* ACTIVITY *
Your reply should consist only of the lines from the one holding "周二(7月13日),国际能源" to the last line of the data below, written out exactly and without pictures.

* MATERIAL PROVIDED *
Content starts

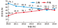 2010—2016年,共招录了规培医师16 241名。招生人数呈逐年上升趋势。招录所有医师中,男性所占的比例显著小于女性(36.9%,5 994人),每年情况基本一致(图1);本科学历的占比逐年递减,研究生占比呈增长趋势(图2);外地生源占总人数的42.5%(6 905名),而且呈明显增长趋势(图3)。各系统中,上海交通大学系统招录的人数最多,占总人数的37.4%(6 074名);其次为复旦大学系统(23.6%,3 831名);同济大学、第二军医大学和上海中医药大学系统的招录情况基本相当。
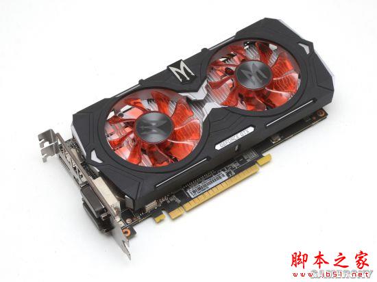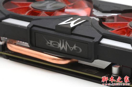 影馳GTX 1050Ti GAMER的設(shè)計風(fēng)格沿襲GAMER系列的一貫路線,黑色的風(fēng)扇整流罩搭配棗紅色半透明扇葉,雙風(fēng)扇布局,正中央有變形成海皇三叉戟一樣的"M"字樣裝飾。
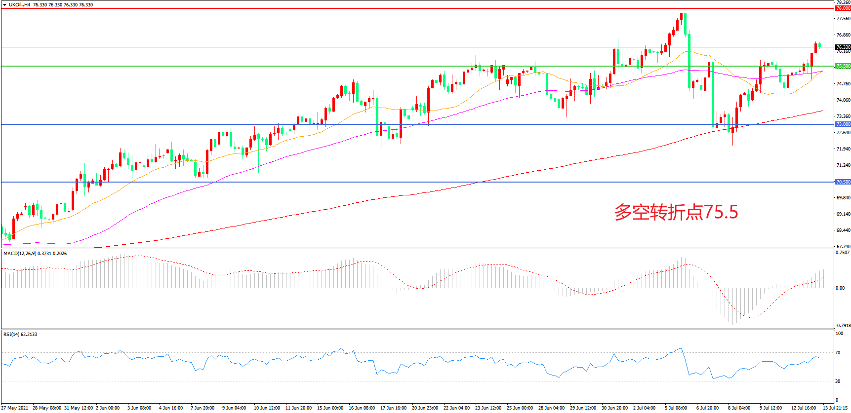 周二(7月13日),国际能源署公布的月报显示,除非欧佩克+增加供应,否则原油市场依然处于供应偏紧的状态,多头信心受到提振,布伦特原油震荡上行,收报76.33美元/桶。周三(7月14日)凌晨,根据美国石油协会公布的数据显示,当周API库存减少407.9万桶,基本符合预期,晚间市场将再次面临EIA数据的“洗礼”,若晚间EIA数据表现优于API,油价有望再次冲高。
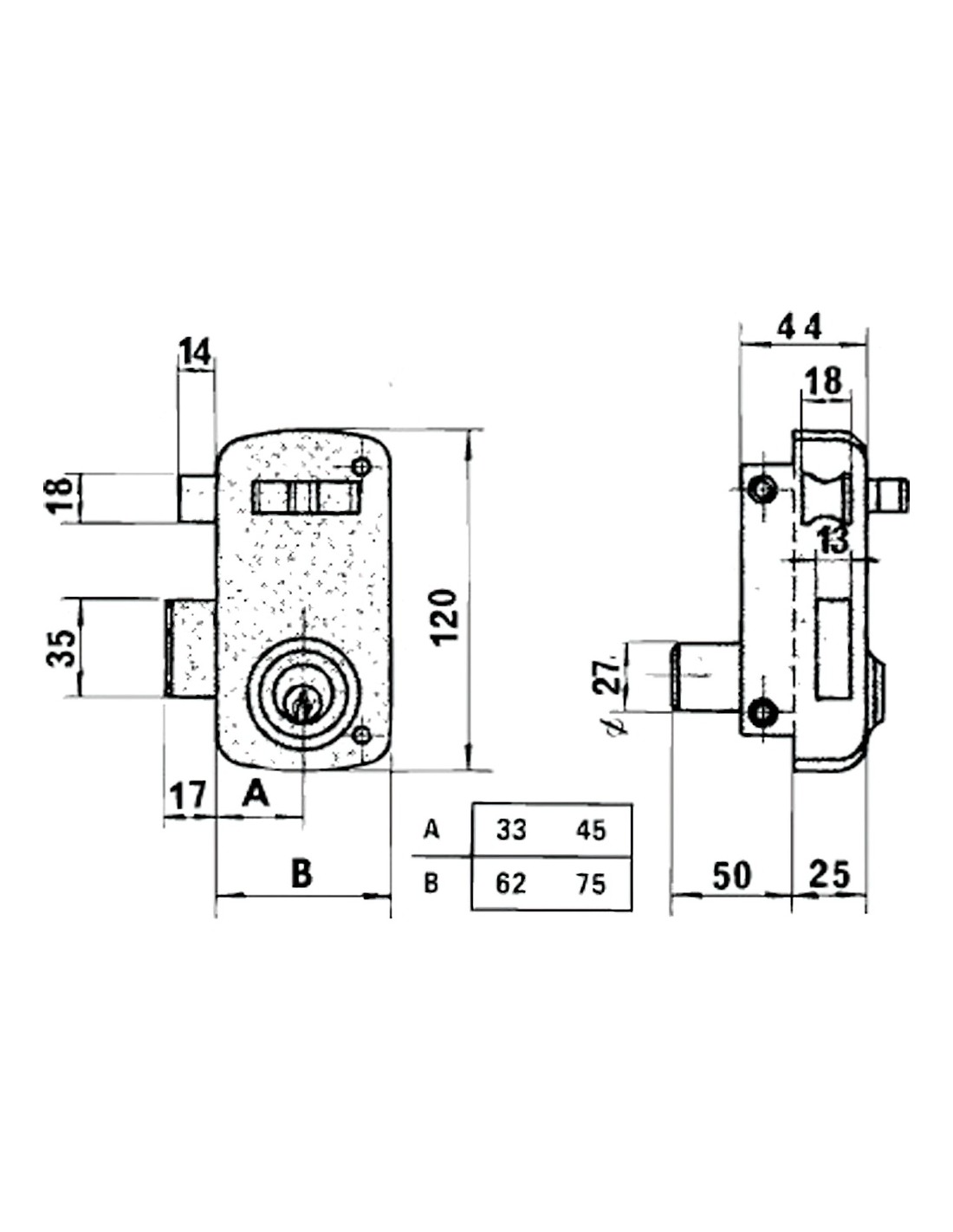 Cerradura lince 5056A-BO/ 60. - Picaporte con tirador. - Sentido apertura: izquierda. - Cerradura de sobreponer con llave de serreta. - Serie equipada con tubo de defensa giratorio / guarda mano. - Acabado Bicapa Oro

Content ends

* RESULT OF THIS TASK *
 周二(7月13日),国际能源署公布的月报显示,除非欧佩克+增加供应,否则原油市场依然处于供应偏紧的状态,多头信心受到提振,布伦特原油震荡上行,收报76.33美元/桶。周三(7月14日)凌晨,根据美国石油协会公布的数据显示,当周API库存减少407.9万桶,基本符合预期,晚间市场将再次面临EIA数据的“洗礼”,若晚间EIA数据表现优于API,油价有望再次冲高。
 Cerradura lince 5056A-BO/ 60. - Picaporte con tirador. - Sentido apertura: izquierda. - Cerradura de sobreponer con llave de serreta. - Serie equipada con tubo de defensa giratorio / guarda mano. - Acabado Bicapa Oro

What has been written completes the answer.